Blueinfy's blog: [Case Study] Threat Simulation of AI Agents in Microsoft Copilot Studio

Executive Summary

Blueinfy performed a focused, time-bound security review of Microsoft Copilot Studio and its implementation at ACME to assess the potential risks introduced by AI agents.

The objective of the engagement was to evaluate how AI agents both legitimate and malicious could be misused, intentionally or unintentionally, to

Access sensitive enterprise data
Expose user specific information
Perform unauthorized actions
Enable data exfiltration

The assessment combined configuration review with hands on threat simulation, where custom agents were built to replicate realistic attack scenarios as well as instructions were passed to exploit legitimate agents.
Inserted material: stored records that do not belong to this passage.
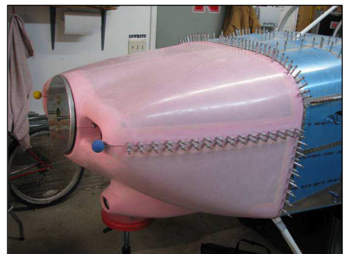
The piano hinges have yet to be riveted on. Van's suggests supplemental bonding of the hinge to the cowl.

from the edge. Ι then placed the cowl in position and then measured forward 2 inches from my reference line and marked the cowl for trimming. This worked real well. I trimmed and sanded the front and sides of the top cowl to form a nice straight and level edge.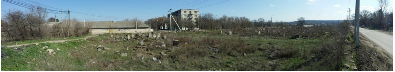
Panorama of the cemetery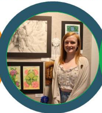
Supporting the arts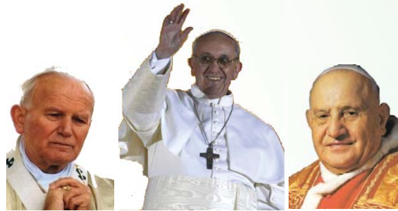
Pope John Paul II 1978-2005

the street we the Sancta Scalia - Holy Stairs, which were transported from Pilate's palace in Jerusalem and on which the Savior climbed before His crucifixion. At the top is the Sancta Sanctorum, the 14th-century reliquary chapel of Pope Boniface VII. Those who wish to pray each step on their knees may do so. The option to take the side stairs on foot is also available. Then, we stop at the Basilica of St Mary Major, a beautiful Marian church. Inside the Basilica we view relics of Jesus' manger from Bethlehem. From there, we visit St. Alphonsus which is located close to the Basilica of St. Mary Major. The church was built and named in honor of the founder of the Redemptorist Congregation, St. Alphonsus Liguori, but was dedicated to the Most Redeemer. The church contains the original Picture of Our Lady of Perpetual Help. We have the opportunity to venerate this Holy icon. This evening, join friends or enjoy a private sampling of authentic Italian cuisine at the trattoria (local diner) or restaurant of your choice as dinner is on your own . Overnight in Rome. [B]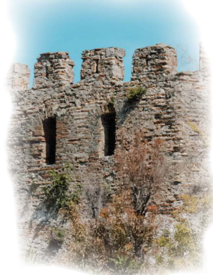
The Castle of Durrës

TourAZZO project aims to promote the sustainable valorisation and preservation of cultural heritage as growth assets in the Municipality of Durrës.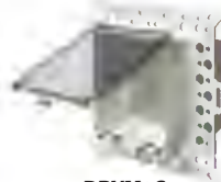
DBVM2C Two-gang for Stucco

IN BOX meets 2017 NEC, Section 406.9 (B) for the protection of exterior outlets which require the use of an extra-duty weatherproof while-in-use cover for all outdoor 15 or 20 AMP receptacles. Also meets 2015 CEC (Rule 26-702) for receptacles exposed to the weather.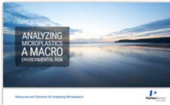
Microplastics Analysis Brochure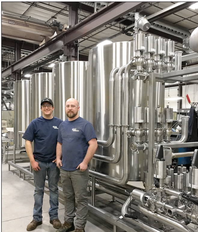
Custom quad tank CIP system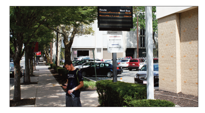
A student finds the next available bus time through his mobile phone at the NJIT stop of the shuttle bus.

The Newark College Town Shuttle service meets the daily transportation needs of all students, faculty and staff in the University Heights area. Serving NJIT, Rutgers University-Newark, Rutgers Biomedical and Health Sciences, Essex County College, University Hospital, Newark Penn Station and the Broad Street Train Station, the shuttle operates Monday through Friday from 7 a.m. to midnight. For detailed information, including route descriptions, maps and schedules, visit njit.edu/shuttle.

The results demonstrated that even with platform level controls enabled, significant risks can persist due to configuration gaps, excessive permissions, and agent behavior manipulation.

The environments given for testing had pre-configured policies and controls applied prior to the assessment. The scope included -

AI agent configuration within Microsoft Copilot Studio
Data access patterns through agents
Connector usage and restrictions
Guardrails and safety configurations
Threat simulation using custom-built agents

Assessment Methodology

Blueinfy adopted a structured methodology combining configuration validation and adversarial testing.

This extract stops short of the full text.